Plot’s hbin feature has the ability to simply plot counts. Using this we obtain:

taxi_hex <- taxi_master_trim %>%
            filter(pickup_longitude > -74.1) %>%
            filter(pickup_longitude < -73.75) %>%
            filter(pickup_latitude > 40.6) %>%
            filter(pickup_latitude < 40.9)

hbin <- hexbin(taxi_hex$pickup_longitude,taxi_hex$pickup_latitude, xbins = 400)

plot2 <- plot(hbin, trans = log, inv = exp, xlab = "longitude", ylab = "latitude", colramp = heat.ob)

plot2
## $plot.vp
## An object of class "hexVP"
## Slot "hexVp.on":
## viewport[zkeqx.on] 
## 
## Slot "hexVp.off":
## viewport[zkeqx.off] 
## 
## Slot "mar":
## [1] 5.1lines 7.6lines 4.1lines 5.6lines
## 
## Slot "fig":
## [1] 0.828571428571429npc 0.714285714285714npc
## 
## Slot "plt":
## [1] 0.451428571428571npc 0.451428571428571npc
## 
## Slot "xscale":
## [1] -74.11639 -73.73256
## 
## Slot "yscale":
## [1] 40.58499 40.91420
## 
## Slot "shape":
## [1] 1
## 
## Slot "hp.name":
## character(0)
## 
## 
## $legend.vp
## viewport[GRID.VP.89]

This is pretty interesting. It appears that the counts highlight the streets of New York.

Now, lets try to plot to get an idea where the total amounts are the highest in NY.
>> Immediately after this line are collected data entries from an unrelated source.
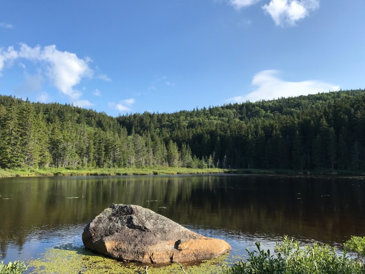The trail went from traditional footing to scaling rock faces nearly 2 miles south of saddleback’s summit. I couldn’t fathom having to walk straight up for two miles with my energy levels so low, but I didn’t really have a choice, so I kept putting one foot in front of the other. As the trail skirted the edge of another pond, I heard the loud laughter and frivolity of a teen group.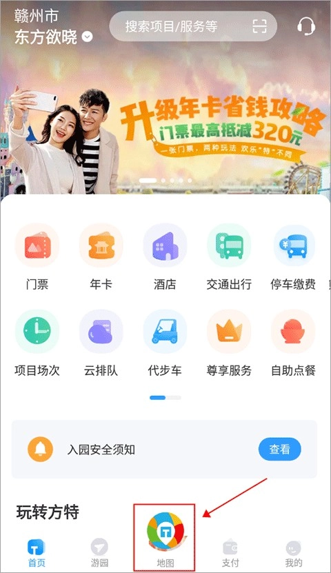 1、指尖地图,可以看到自己的位置,然后为你导航到想要去玩的项目。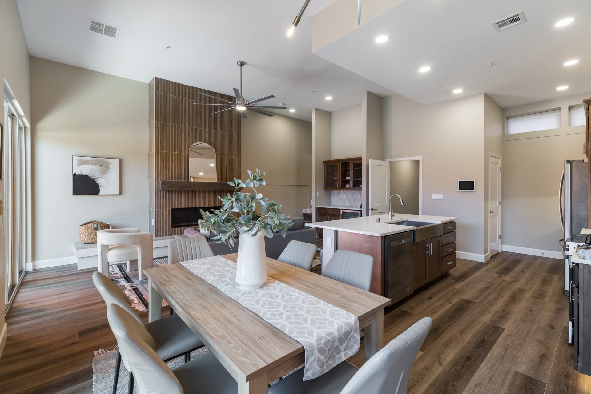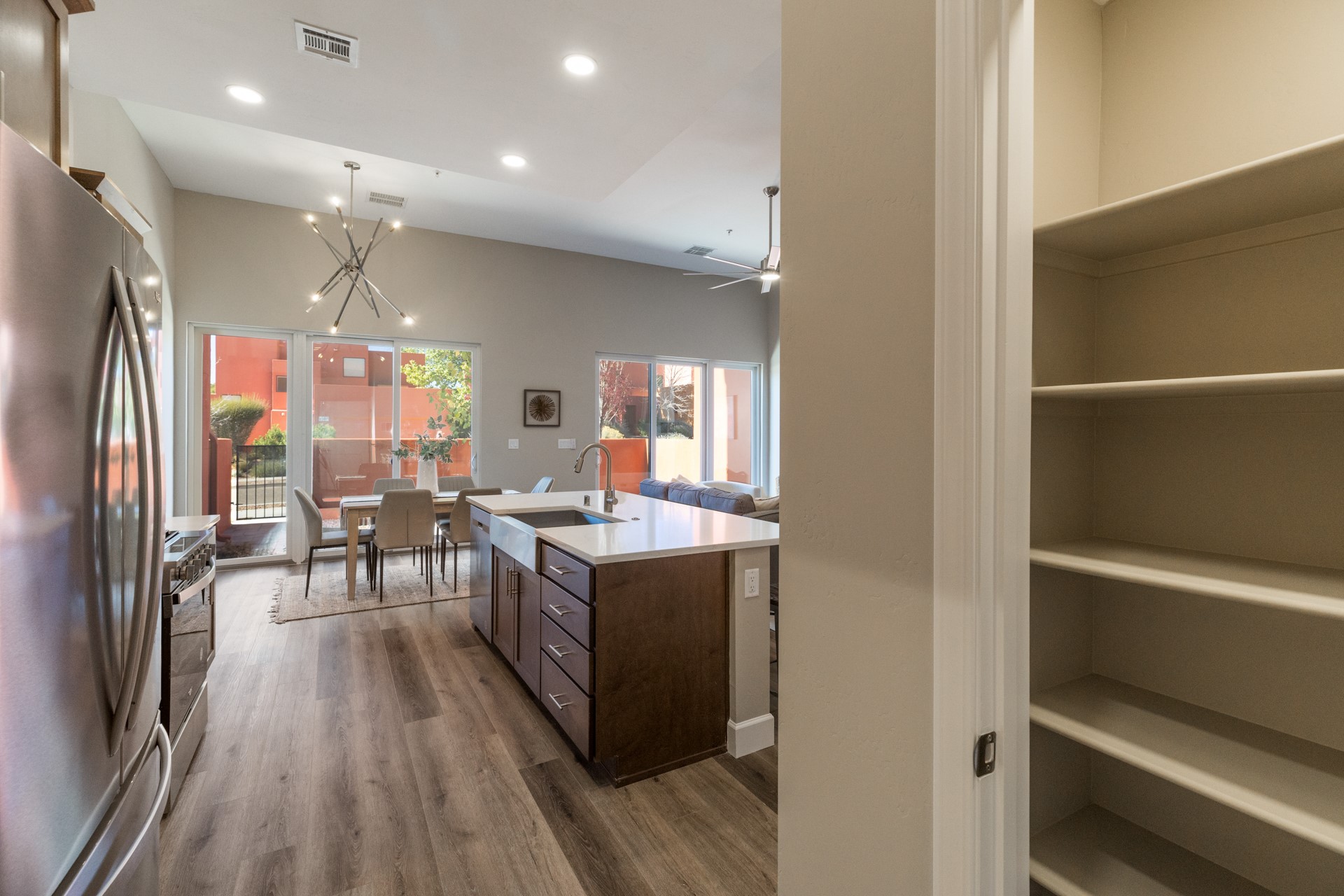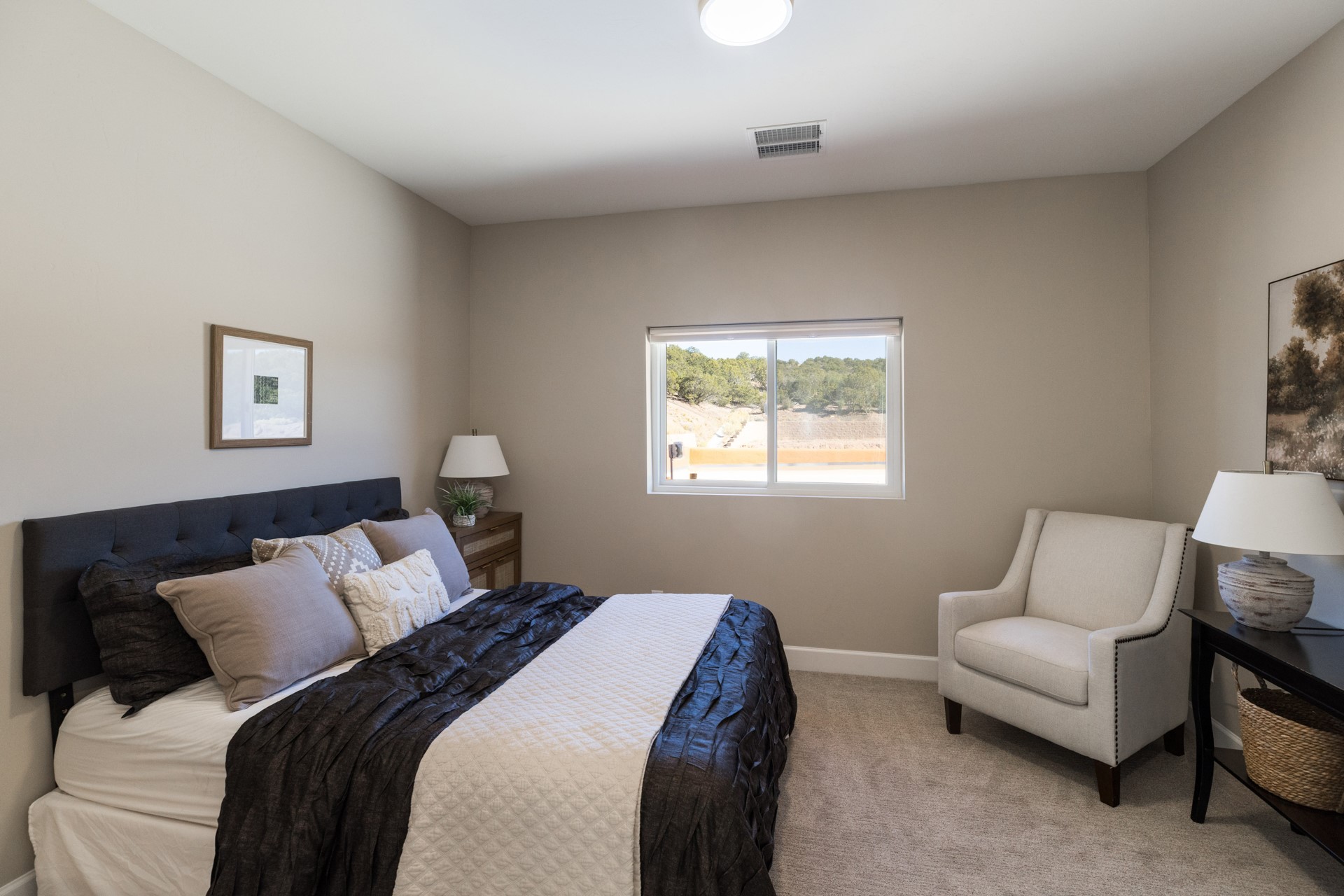 End-unit luxury, Santa Fe character, and modern comfort all come together beautifully. This light-filled, end-unit home mirrors the popular offers the added privacy, windows, and openness that make it truly special. Step inside to an inviting blend of clean modern design and warm Southwest charm.The heart of the home is an elegant, open-concept kitchen featuring upgraded appliances, sleek cabinetry, and solid-surface countertops that flow seamlessly into a bright living area--perfect for entertaining or quiet evenings in. Large windows flood the space with natural light, leading to a private patio that invites morning coffee or sunset wine.The spacious primary suite provides a tranquil retreat with a spa-inspired bath and generous closet space. Energy-efficient construction, an attached garage, and low-maintenance living ensure everyday ease.Nestled in one of Santa Fe's most desirable locations, residents enjoy proximity to downtown dining, galleries, and cultural landmarks, as well as easy access to scenic walking trails and open spaces.Discover the thoughtful design and comfort that define Abrazo Homes--where every detail is crafted for modern living with timeless appeal. Don't miss your chance to own one of the community's most coveted end units!

plot <- ggplot(taxi_master_trim, aes(x=pickup_longitude, y=pickup_latitude, z=total_amount)) +
            stat_summary_hex(fun = mean, bins=350, alpha=1) +
            scale_x_continuous(limits=c(min_long, max_long)) +
            scale_y_continuous(limits=c(min_lat, max_lat)) +
            scale_fill_gradient(low="#CCCCCC", high="#27AE60") +
            coord_equal()

plot
## Warning: Removed 31102 rows containing non-finite values
## (stat_summary_hex).

Now, this plot is somewhat uninformative because the highest total amounts are obviously coming from trips in Brooklyn and the airport because they have the farthest drives. Let’s examine this on a $/min basis.

Creating a $/min variable

taxi_master_trim <- taxi_master_trim %>%
  mutate(Dollars_per_min = total_amount/as.numeric(trip_time_in_mins))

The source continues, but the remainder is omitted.